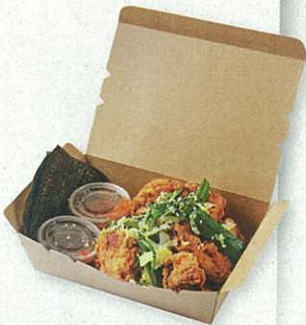
Fried chicken $78
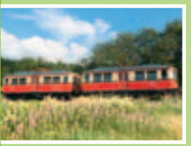
Triebwagen der Flachstrecke

Die Oberweißbacher Berg- und Schwarzatalbahn erschließt das schöne Schwarzatal und die angrenzenden Höhenlagen mit allen touristischen Angeboten der Region. Das Streckennetz umfasst drei Teilstrecken: die Schwarzatalbahn zwischen Rottenbach und Katzhütte, die 1,38 km
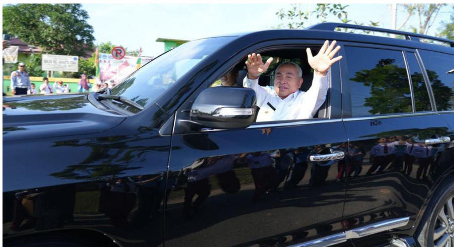
Lambaian Gubernur Kaltim Isran Noor.

Mengingat pemilihan kepala daerah serentak baru dilak-
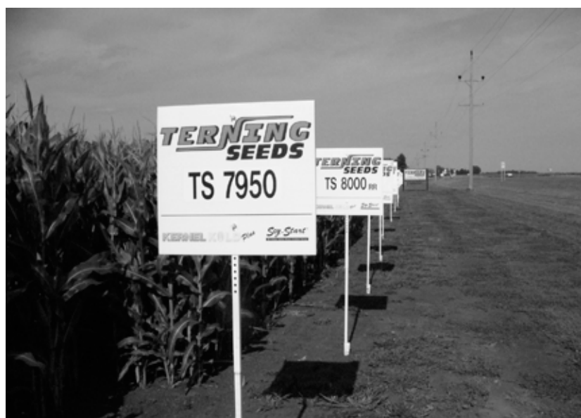
semences brevetées de maïs, Minnesota, États-Unis

C'est pourquoi de nombreux agriculteurs, bio ou non certifiés, mais voulant tous s'affranchir des engrais et des pesticides chimiques, se sont regroupés au sein du
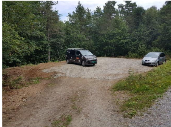
Krattrydding og opprusting parkeringsplass Leirvågen.
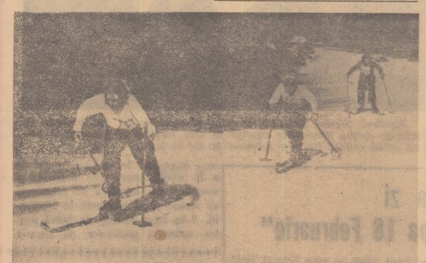
Ca în fiecare an, tineretele din împrejurimile Orașului Stalin se întîlnesc la concursurile sătești organizate în cadrul Spartachiadei de iarnă.

tru a asigura un succes deplin întrecerilor raionale din cadrul Spartachiadei de iarnă a tineretului!
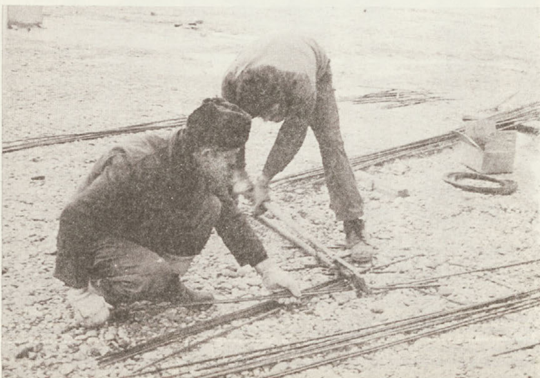
Železokrivca pri delu Armirača na poslu
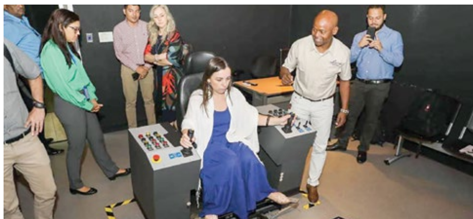
Personal del Inadeh y del Senai realizan gira diagnóstica para identificar los proyectos que desarrollarán.
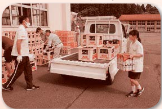
夏休み中の空き瓶回収
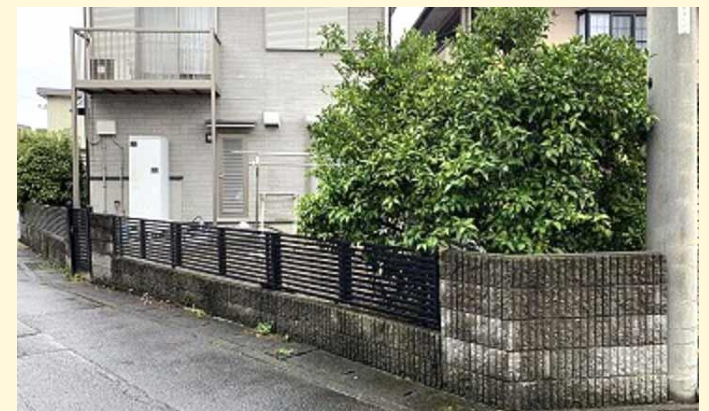
車を駐車させる場所がほしいな・・・
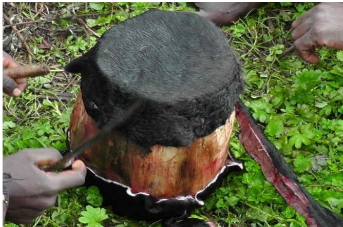
ፎቶግራፍ 13 ከበሮ ሲሰራ

መሲና ከብት የተመረጠበት ምክንያት መሲና ከብት መውለድ ስለማትችል የሚች ባላባቱም የአስተዳደር ዘመን ያበቃ መሆኑን ለማመልከት እንዲሁም ለወራሹ እና ለህዝቡ ሰላም ይሆናል በሚል ነው። በቆዳውም አስከሬኑ ለመጨረሻ ጊዜ እንዲጠቀለል ይደረጋል። ከዚህም በተጨማሪ በቆዳው ትንሽ ከበሮ ይሰራል። ይህ ከበሮም በቀብር ቦታው ላይ በትራስጌ በኩል ስለሚሰቀል ነው። ከበሮው የሚሰራበት ምክንያት ባላባቱ በህይወት ዘመናቸው በሙዚቃ መሳርያነቱ በብዛት ሲገለገሉበት የቆዩ መሆናቸው እና ከበሮና ክራር የዲዚ ብሄረሰብ የደስታም ሆነ የሃዘን ጊዜ መሳርያ መሆኑን ለመግለጽ ነው።
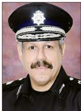
النواف الشيخ فيصل النواف

الرتب. ومن جهة أخرى، قال مصدر أمني رفيع المستوى إنه بات من المؤكد إحالة 4 قيادات أخرى للتقاعد خلال الأيام القادمة، وأضاف أن هناك زيادات مالية على الراتب الأساسي للسكريين وضباط وأفراد بعد موافقة اللجنة الرباعية.
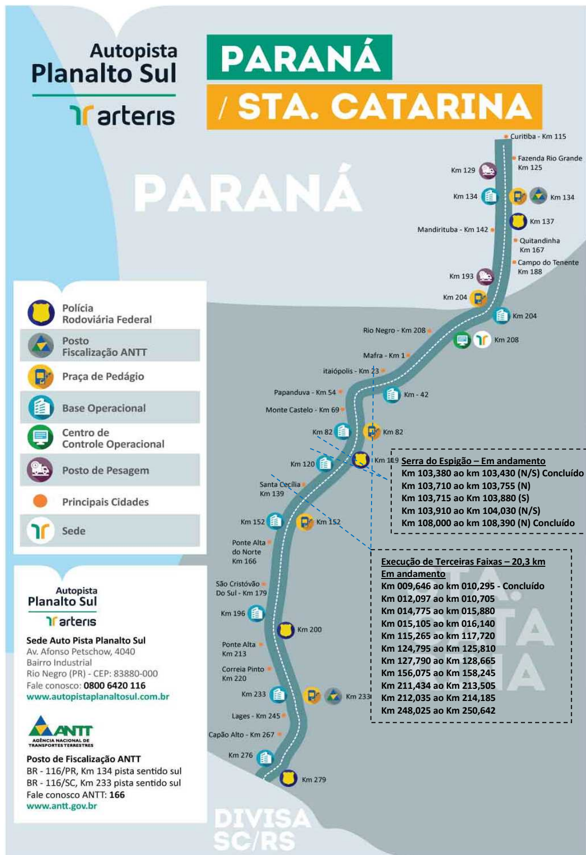
Figura 01 – Mapa de Situação
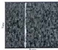
Figura 4b – Periscópio refletido com o sistema de detecção.
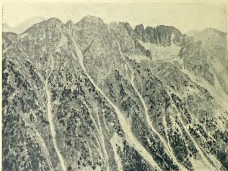
LES AGUDES DES DELS ENCANTATS
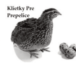
Klietky Pre Prepelice
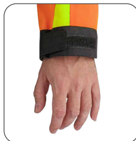
regulovaná manžeta nastavitelná manžeta adjustable cuff regulowany mankiet
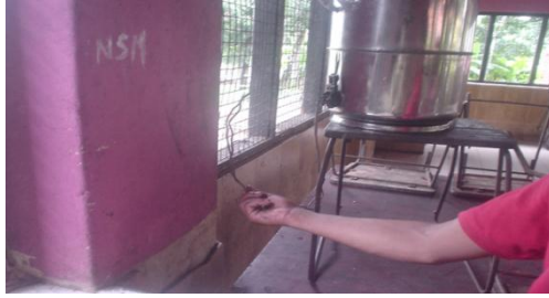
මාකොල සහතික කළ පාසලේ අනාරක්ෂිත විදුලි පද්ධතිය
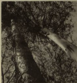
Vedado de árbol silvestre silvestre, el castaño australiano de Australia y el piñal de las Filipinas saguaro silvestre, propiamente silvestre en nuestros bosques.

====

**To do:** Start with the first line of the records above and end with the line containing "semences brevetées de". Output those lines exactly, pictures excluded.

**Written response:**
Fried chicken $78
Triebwagen der Flachstrecke

Die Oberweißbacher Berg- und Schwarzatalbahn erschließt das schöne Schwarzatal und die angrenzenden Höhenlagen mit allen touristischen Angeboten der Region. Das Streckennetz umfasst drei Teilstrecken: die Schwarzatalbahn zwischen Rottenbach und Katzhütte, die 1,38 km
Lambaian Gubernur Kaltim Isran Noor.

Mengingat pemilihan kepala daerah serentak baru dilak-
semences brevetées de maïs, Minnesota, États-Unis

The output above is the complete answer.